(TASK STATEMENT) In the entries below, find the line with "An elegant burgundy" and the line with "Embrace timeless elegance", then retype both and everything between them exactly. Do not copy the pictures.

[Opening RECORD EXCERPTS section]

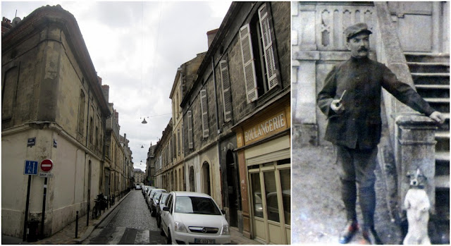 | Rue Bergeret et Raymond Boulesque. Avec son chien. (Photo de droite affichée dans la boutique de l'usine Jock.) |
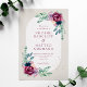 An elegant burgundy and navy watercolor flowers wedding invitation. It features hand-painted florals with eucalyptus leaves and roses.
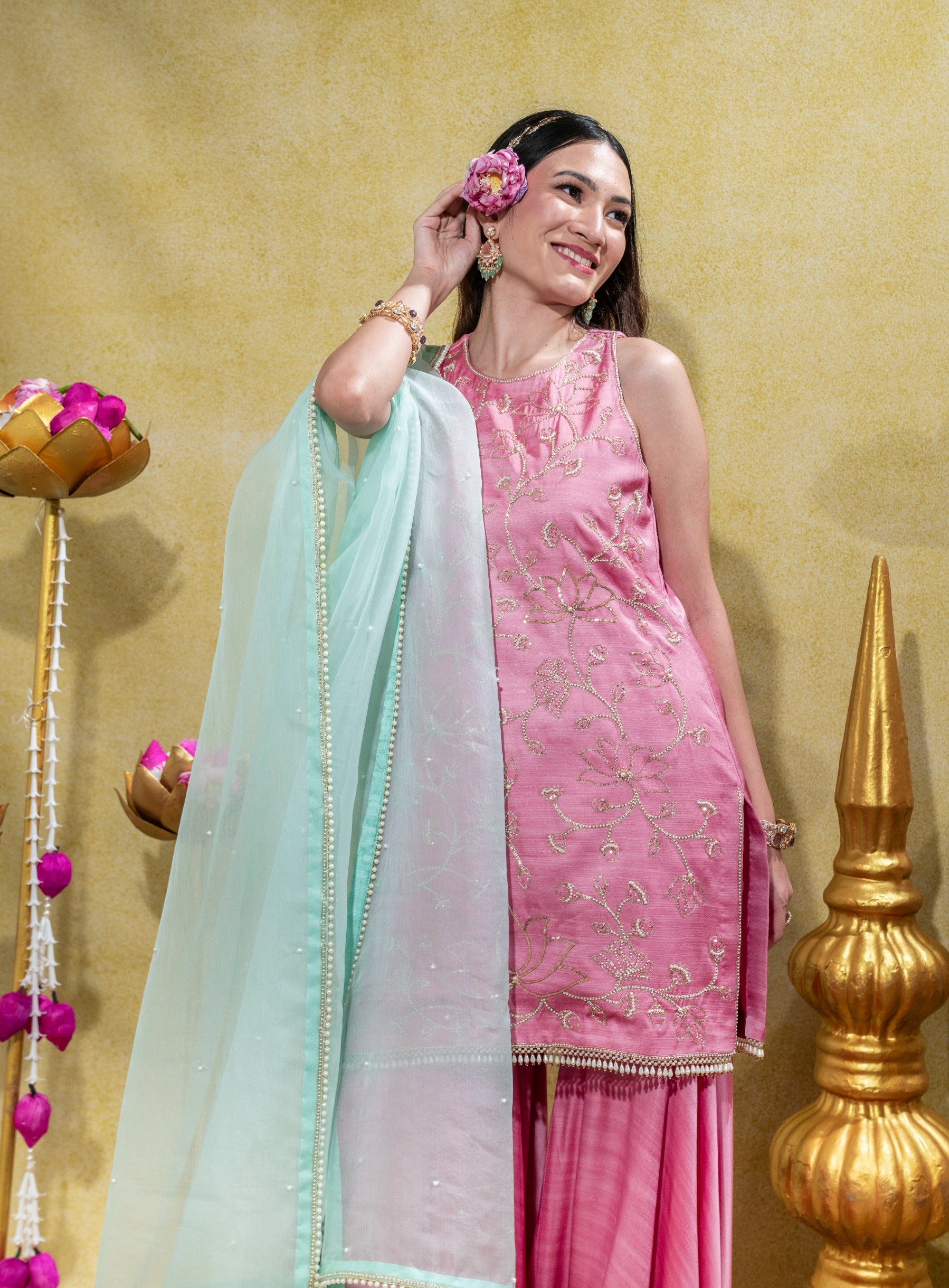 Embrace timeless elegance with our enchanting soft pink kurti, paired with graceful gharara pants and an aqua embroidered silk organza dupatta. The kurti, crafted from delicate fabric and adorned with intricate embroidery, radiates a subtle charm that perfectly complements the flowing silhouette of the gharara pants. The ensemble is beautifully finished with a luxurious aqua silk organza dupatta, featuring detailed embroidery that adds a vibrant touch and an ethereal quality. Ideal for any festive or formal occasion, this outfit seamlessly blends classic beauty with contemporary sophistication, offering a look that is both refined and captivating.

[Closing RECORD EXCERPTS section]
[Opening RECORD EXCERPTS section]

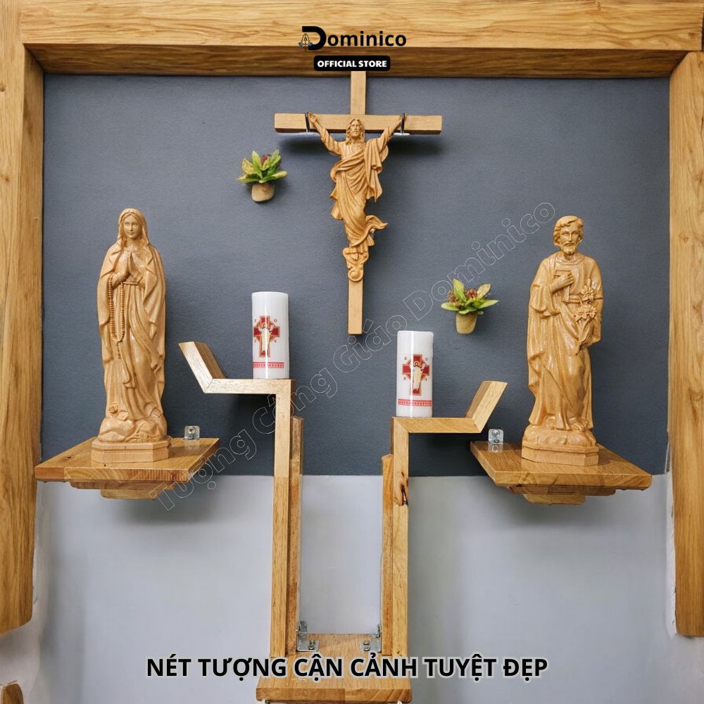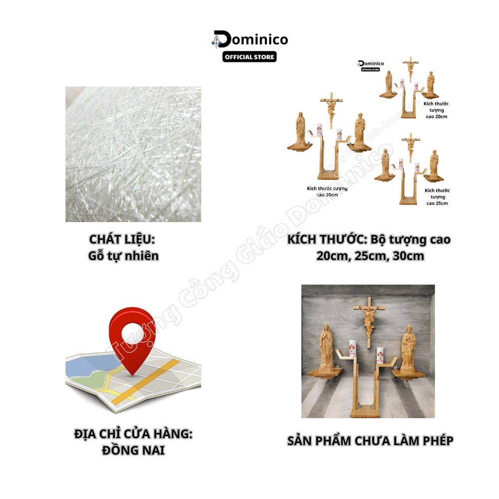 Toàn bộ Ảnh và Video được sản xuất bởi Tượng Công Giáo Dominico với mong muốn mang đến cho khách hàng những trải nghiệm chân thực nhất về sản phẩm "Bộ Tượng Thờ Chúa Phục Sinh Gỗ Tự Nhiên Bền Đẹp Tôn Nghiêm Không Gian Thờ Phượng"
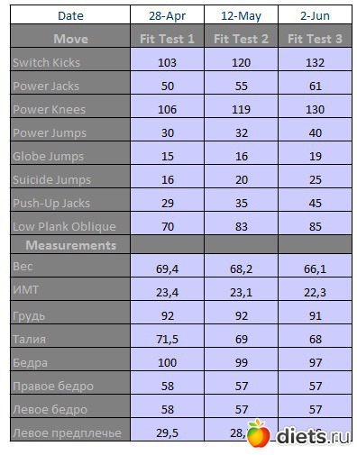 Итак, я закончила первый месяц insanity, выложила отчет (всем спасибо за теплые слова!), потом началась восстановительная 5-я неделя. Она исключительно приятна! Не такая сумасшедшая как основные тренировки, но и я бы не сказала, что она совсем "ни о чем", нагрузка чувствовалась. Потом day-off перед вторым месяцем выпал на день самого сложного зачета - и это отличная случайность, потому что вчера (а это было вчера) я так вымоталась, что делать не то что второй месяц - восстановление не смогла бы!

[Closing RECORD EXCERPTS section]

(RESPONSE)
 An elegant burgundy and navy watercolor flowers wedding invitation. It features hand-painted florals with eucalyptus leaves and roses.
 Embrace timeless elegance with our enchanting soft pink kurti, paired with graceful gharara pants and an aqua embroidered silk organza dupatta. The kurti, crafted from delicate fabric and adorned with intricate embroidery, radiates a subtle charm that perfectly complements the flowing silhouette of the gharara pants. The ensemble is beautifully finished with a luxurious aqua silk organza dupatta, featuring detailed embroidery that adds a vibrant touch and an ethereal quality. Ideal for any festive or formal occasion, this outfit seamlessly blends classic beauty with contemporary sophistication, offering a look that is both refined and captivating.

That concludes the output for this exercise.